The cemetery is open every day from 8 a.m. to 5 p.m., October through March; 8 a.m. to 7 p.m., April through September. Tourmobiles run frequently from the visitors center. Various Tourmobile packages are available, but a cemetery-only tour costs $5.25. To locate a particular grave, stop at the special desk in the visitors center to obtain the section and grave number and directions on how to reach it. Graves are cataloged by date of burial, so have that information available. In the case of common names, it is advisable also to know branch of service, place of death and next of kin. Phone (703) 607-8052. The Tomb of the Unknowns is guarded at all hours, in all weather. There is no fee to enter the cemetery.

Arlington House (enter via Arlington Cemetery): Open 9:30 a.m. to 4:30 p.m., October through March; 9:30 a.m. to 6 p.m., April through September. No admission fee. Phone (703) 557-0613.

The Newseum: 1101 Wilson Blvd., Arlington. Phone toll-free 1-888-639-7386 or (703) 284-3544. Open 10 a.m. to 5 p.m.; closed Mondays and some major holidays. No admission fee.

Theodore Roosevelt Island: Enter from the northbound lane of George Washington Parkway (free two-hour parking available) or via the pedestrian bridge from Rosslyn. Phone (703) 289-2500. Open each day from dawn to dusk. No entrance fee.

* * *

Vietnam Veterans Memorial: Constitution Avenue, Washington, near the Lincoln Memorial. Accessible 8 a.m. to midnight every day except Christmas. Phone (202) 426-6841. No entrance fee. Books showing where to find particular inscribed names are available at each end of the ramp.

Where to stay:

Hyatt Arlington, 1325 Wilson Blvd., Arlington, toll-free 1-866-333-8881 or (703) 525-1234, fax (703) 908-4790. Doubles from $119.

Key Bridge Marriott, 1401 Lee Highway, toll-free 1-800-228-9290 or (703) 524-6400, fax (703) 524-8964. Doubles from $79.

Where to eat:

Cafe Asia, 1550 Wilson Blvd., Arlington, (703) 741-0870 (budget-priced pan-Asian place manages to do several exotic cuisines well; a bit loud). 11:30 a.m. to 10 p.m. Monday through Thursday; 11:30 a.m. to 11 p.m. (but to 1:30 a.m. in the sushi bar) Friday and Saturday; 5 to 10 p.m. Sunday.

Mezza-9, 1325 Wilson Blvd., Arlington, (703) 276-8999 (gimmicky name reflects both its Middle Eastern orientation and its location within the Hyatt; moderately priced, given its upscale treatment of Lebanese favorites). Open every day for breakfast and dinner; lunch Monday through Friday.

Pho-75, 1721 Wilson Blvd., Arlington, (703) 525-7355 (eat a lot for less than $6; large bowls of fragrant Vietnamese beef noodle soup; versions 11 and 12 are least challenging for the tripe-averse; try the salty plum soda). Open 9 a.m. to 8 p.m. every day.

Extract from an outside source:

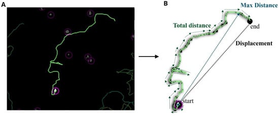 Representative image of track algorithms. (A) Original tracked image. (B) Representative parameters describing how total distance, max distance, and displacement are determined.
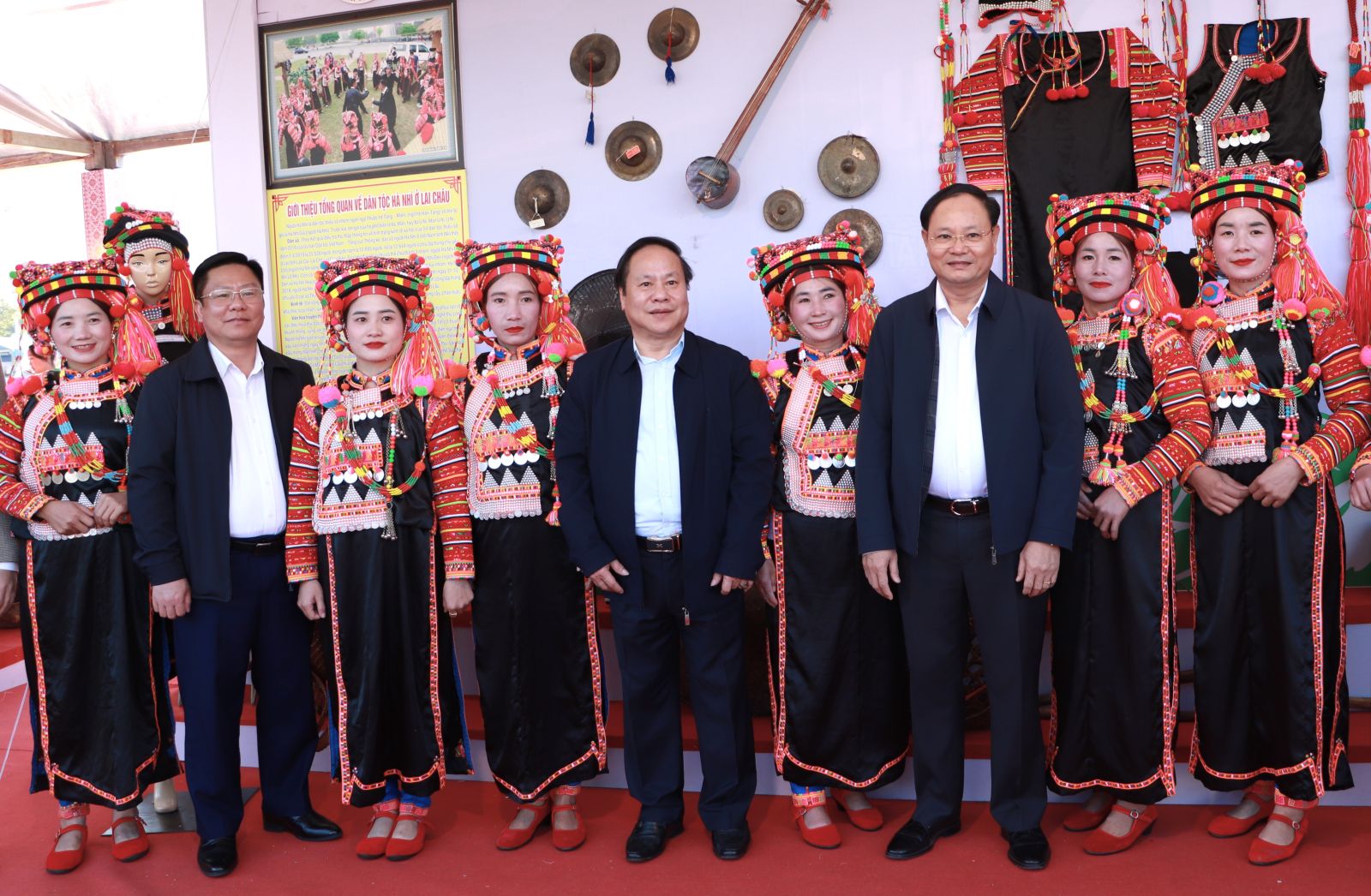 Các đồng chí lãnh đạo chụp ảnh lưu niệm với phụ nữ dân tộc Hà Nhì.

Red Hot and Blue, 1600 Wilson Blvd., Arlington, (703) 276-7427 (Memphis-style barbecue that's surprisingly good for a place so clean). Open 11 a.m. to 10 p.m. Sunday through Thursday; 11 a.m. to 11 p.m. Friday and Saturday.

Tivoli, 1700 N Moore St. (above Rosslyn Metro station), Arlington, (703) 524-8900 (often overlooked by Washington's restaurant reviewers, but offering well-executed Italian meals in a quiet, upper-floor setting; moderate to expensive). Lunch and dinner Monday through Friday; dinner only Saturday; closed Sunday.